NYT Shields Identity of FBI Informant on Trump Campaign… But Another Outlet Reveals Him
The New York Times knows the identity of an informant the FBI used to investigate Russia’s ties to President Donald Trump‘s campaign, but it is not releasing the name, citing security concerns.
The New York Times report comes after Trump took to Twitter Friday morning to accuse the FBI of having a mole “implanted” into his campaign.
“Reports are there was indeed at least one FBI representative implanted, for political purposes, into my campaign for president,” Trump wrote. “It took place very early on, and long before the phony Russia Hoax became a ‘hot’ Fake News story. If true – all time biggest political scandal!”
Reports are there was indeed at least one FBI representative implanted, for political purposes, into my campaign for president. It took place very early on, and long before the phony Russia Hoax became a “hot” Fake News story. If true – all time biggest political scandal!
— Donald J. Trump (@realDonaldTrump) May 18, 2018
The Times noted that the president’s claim was made without any evidence, and then asserted that they know who the informant is, and s/he is not a spy at all.
“In fact, F.B.I. agents sent an informant to talk to two campaign advisers only after they received evidence that the pair had suspicious contacts linked to Russia during the campaign,” the NYT report reads, countering Trump’s tweets.
The report continues on: “The informant, an American academic who teaches in Britain, made contact late that summer with one campaign adviser, George Papadopoulos, according to people familiar with the matter.”
The Times declined to provide the name of the informant, however, noting: “New York Times has learned the source’s identity but typically does not name informants to preserve their safety.”
The conservative Daily Caller, though, has named Stefan Halper as the likely informant, and in doing so, also lent credence to the Times report.
The steady stream of clues leaked to the Times and WaPo have touched off intense speculation about the identity of the source. Some cable TV commentators have pointed to a March 25 report from TheDCNF about Stefan Halper, a University of Cambridge professor who was in contact with both Page and Papadopoulos. Halper, a U.S. citizen, is a veteran of three Republican presidential administrations.
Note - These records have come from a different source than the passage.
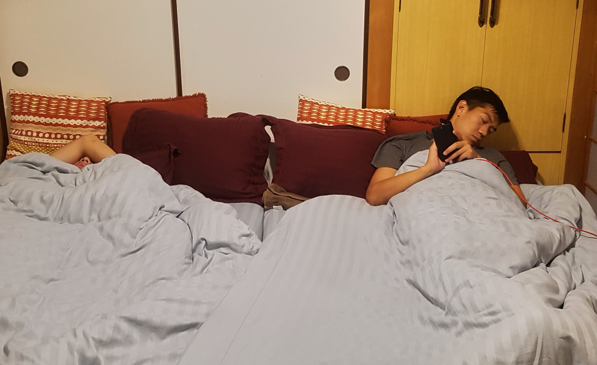 We ended up walking a bit more around Hiroshima, but we were all pretty tired by then and decided to head back to our AirBNB for some well deserved rest. I could tell that FunkyCat and Salmonella were pooped. But the time I was out of the shower, these two were already done. I’m still amazed FunkyCat can sleep with phone in hand!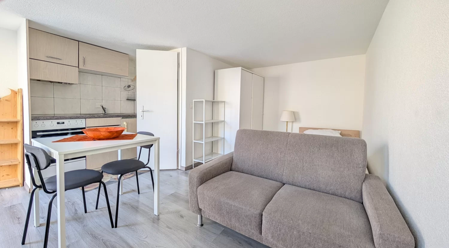 - Studio mit Küchenzeile und Badezimmer: Dusche/WC/Lavabo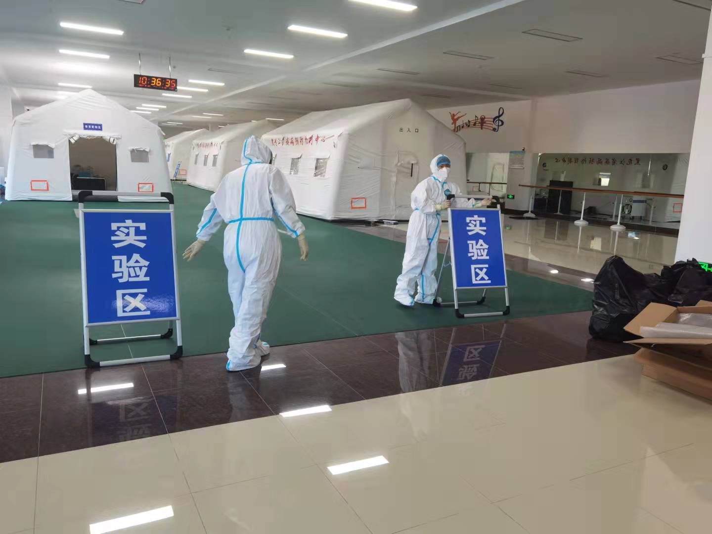 在黑河市體育館,省疾控中心核酸檢測方艙實驗室28日上午已經(jīng)完成組建。省疾控中心病毒所所長許軍介紹,該實驗室六個負壓帳篷日可檢測核酸樣本15000份。4支核酸檢測隊伍日可檢測樣本3.5萬份,加上黑河市核酸檢測實驗室,檢測能力可完全滿足當(dāng)天采樣當(dāng)天完成檢測的需要。

Halper enticed Papadopoulos to visit London in September 2016 with an offer to pay for a policy paper about energy issues. Papadopoulos made the trip and wrote the paper. He was paid $3,000.
The Daily Caller also provided this caveat about their claims: “Government sources have declined to confirm or deny whether Halper is the source, though TheDCNF has been told that his name has popped up in some capacity in the Russia matter.”